=== Section Start ===
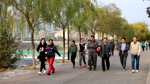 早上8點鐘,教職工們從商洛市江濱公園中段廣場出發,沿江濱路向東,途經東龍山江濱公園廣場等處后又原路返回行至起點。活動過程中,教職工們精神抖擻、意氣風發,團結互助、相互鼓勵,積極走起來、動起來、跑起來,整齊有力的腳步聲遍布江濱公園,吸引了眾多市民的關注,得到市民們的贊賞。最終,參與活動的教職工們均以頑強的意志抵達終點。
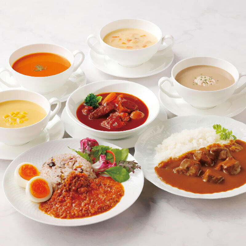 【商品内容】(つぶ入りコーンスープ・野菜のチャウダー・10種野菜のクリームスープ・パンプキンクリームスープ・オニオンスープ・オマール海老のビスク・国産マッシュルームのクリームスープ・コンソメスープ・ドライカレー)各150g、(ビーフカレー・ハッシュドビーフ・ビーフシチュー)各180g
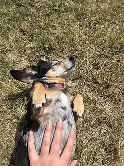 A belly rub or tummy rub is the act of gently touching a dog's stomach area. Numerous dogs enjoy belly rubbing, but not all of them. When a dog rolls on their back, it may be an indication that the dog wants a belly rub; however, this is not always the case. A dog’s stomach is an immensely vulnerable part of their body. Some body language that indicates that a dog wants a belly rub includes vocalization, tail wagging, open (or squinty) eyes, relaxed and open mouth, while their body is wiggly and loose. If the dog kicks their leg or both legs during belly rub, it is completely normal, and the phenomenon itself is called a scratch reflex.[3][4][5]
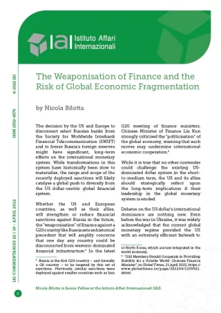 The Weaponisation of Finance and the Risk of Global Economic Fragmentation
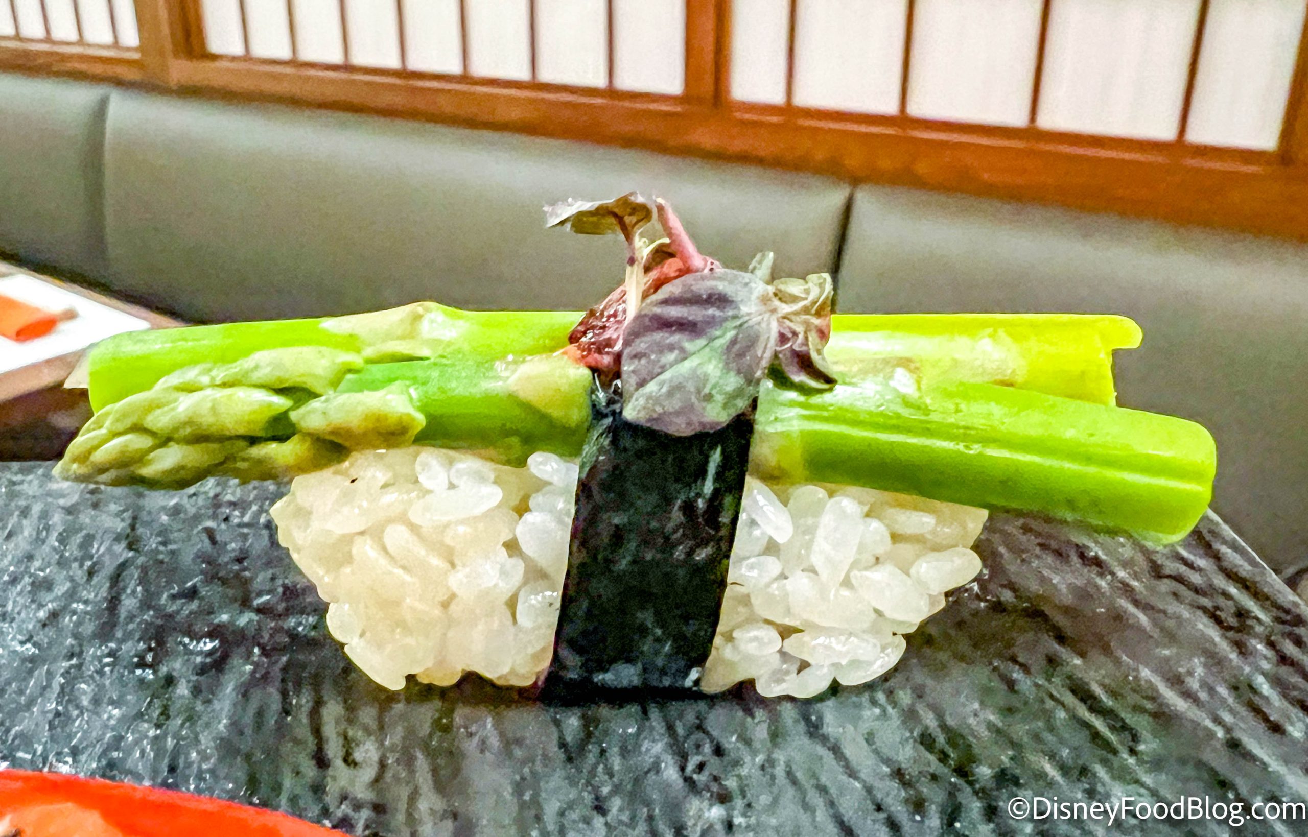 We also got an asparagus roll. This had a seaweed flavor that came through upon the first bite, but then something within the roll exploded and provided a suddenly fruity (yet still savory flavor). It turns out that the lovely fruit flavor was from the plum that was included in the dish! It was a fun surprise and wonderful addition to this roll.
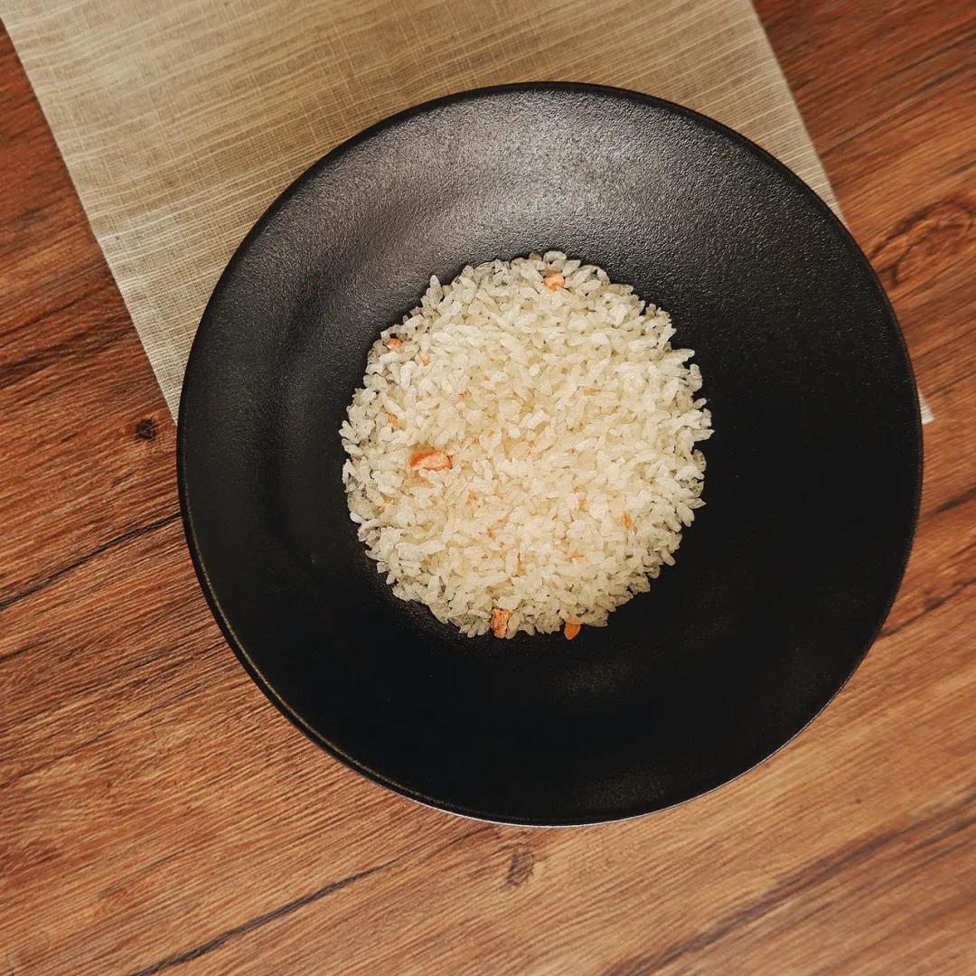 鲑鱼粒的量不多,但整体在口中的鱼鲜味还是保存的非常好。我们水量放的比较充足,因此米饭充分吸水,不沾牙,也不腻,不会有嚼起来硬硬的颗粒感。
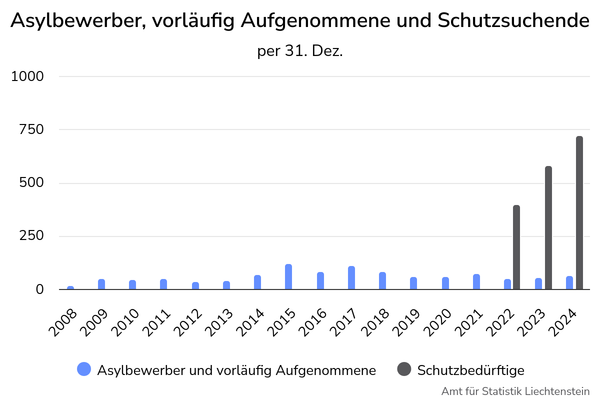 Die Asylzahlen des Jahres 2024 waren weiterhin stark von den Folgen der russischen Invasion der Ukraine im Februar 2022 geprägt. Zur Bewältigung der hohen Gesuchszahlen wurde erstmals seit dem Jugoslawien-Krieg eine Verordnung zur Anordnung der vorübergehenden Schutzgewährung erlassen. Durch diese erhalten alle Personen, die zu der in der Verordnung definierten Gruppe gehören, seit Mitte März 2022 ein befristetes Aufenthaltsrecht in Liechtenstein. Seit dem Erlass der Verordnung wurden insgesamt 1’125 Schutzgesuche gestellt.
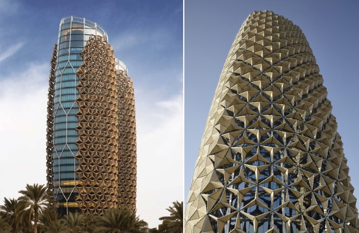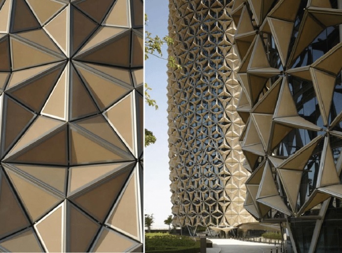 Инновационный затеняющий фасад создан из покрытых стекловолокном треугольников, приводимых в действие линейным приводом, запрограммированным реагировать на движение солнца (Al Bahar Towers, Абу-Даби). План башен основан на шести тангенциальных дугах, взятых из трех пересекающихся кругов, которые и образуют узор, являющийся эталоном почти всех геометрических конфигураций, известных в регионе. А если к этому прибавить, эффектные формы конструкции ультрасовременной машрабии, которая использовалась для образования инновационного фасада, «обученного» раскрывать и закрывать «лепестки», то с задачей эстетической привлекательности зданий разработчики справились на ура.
=== Section End ===
» **What to do**: Retype every record above exactly as written, but leave out the pictures.

» **Solution to the exercise**:
 早上8點鐘,教職工們從商洛市江濱公園中段廣場出發,沿江濱路向東,途經東龍山江濱公園廣場等處后又原路返回行至起點。活動過程中,教職工們精神抖擻、意氣風發,團結互助、相互鼓勵,積極走起來、動起來、跑起來,整齊有力的腳步聲遍布江濱公園,吸引了眾多市民的關注,得到市民們的贊賞。最終,參與活動的教職工們均以頑強的意志抵達終點。
 【商品内容】(つぶ入りコーンスープ・野菜のチャウダー・10種野菜のクリームスープ・パンプキンクリームスープ・オニオンスープ・オマール海老のビスク・国産マッシュルームのクリームスープ・コンソメスープ・ドライカレー)各150g、(ビーフカレー・ハッシュドビーフ・ビーフシチュー)各180g
 A belly rub or tummy rub is the act of gently touching a dog's stomach area. Numerous dogs enjoy belly rubbing, but not all of them. When a dog rolls on their back, it may be an indication that the dog wants a belly rub; however, this is not always the case. A dog’s stomach is an immensely vulnerable part of their body. Some body language that indicates that a dog wants a belly rub includes vocalization, tail wagging, open (or squinty) eyes, relaxed and open mouth, while their body is wiggly and loose. If the dog kicks their leg or both legs during belly rub, it is completely normal, and the phenomenon itself is called a scratch reflex.[3][4][5]
 The Weaponisation of Finance and the Risk of Global Economic Fragmentation
 We also got an asparagus roll. This had a seaweed flavor that came through upon the first bite, but then something within the roll exploded and provided a suddenly fruity (yet still savory flavor). It turns out that the lovely fruit flavor was from the plum that was included in the dish! It was a fun surprise and wonderful addition to this roll.
 鲑鱼粒的量不多,但整体在口中的鱼鲜味还是保存的非常好。我们水量放的比较充足,因此米饭充分吸水,不沾牙,也不腻,不会有嚼起来硬硬的颗粒感。
 Die Asylzahlen des Jahres 2024 waren weiterhin stark von den Folgen der russischen Invasion der Ukraine im Februar 2022 geprägt. Zur Bewältigung der hohen Gesuchszahlen wurde erstmals seit dem Jugoslawien-Krieg eine Verordnung zur Anordnung der vorübergehenden Schutzgewährung erlassen. Durch diese erhalten alle Personen, die zu der in der Verordnung definierten Gruppe gehören, seit Mitte März 2022 ein befristetes Aufenthaltsrecht in Liechtenstein. Seit dem Erlass der Verordnung wurden insgesamt 1’125 Schutzgesuche gestellt.
 Инновационный затеняющий фасад создан из покрытых стекловолокном треугольников, приводимых в действие линейным приводом, запрограммированным реагировать на движение солнца (Al Bahar Towers, Абу-Даби). План башен основан на шести тангенциальных дугах, взятых из трех пересекающихся кругов, которые и образуют узор, являющийся эталоном почти всех геометрических конфигураций, известных в регионе. А если к этому прибавить, эффектные формы конструкции ультрасовременной машрабии, которая использовалась для образования инновационного фасада, «обученного» раскрывать и закрывать «лепестки», то с задачей эстетической привлекательности зданий разработчики справились на ура.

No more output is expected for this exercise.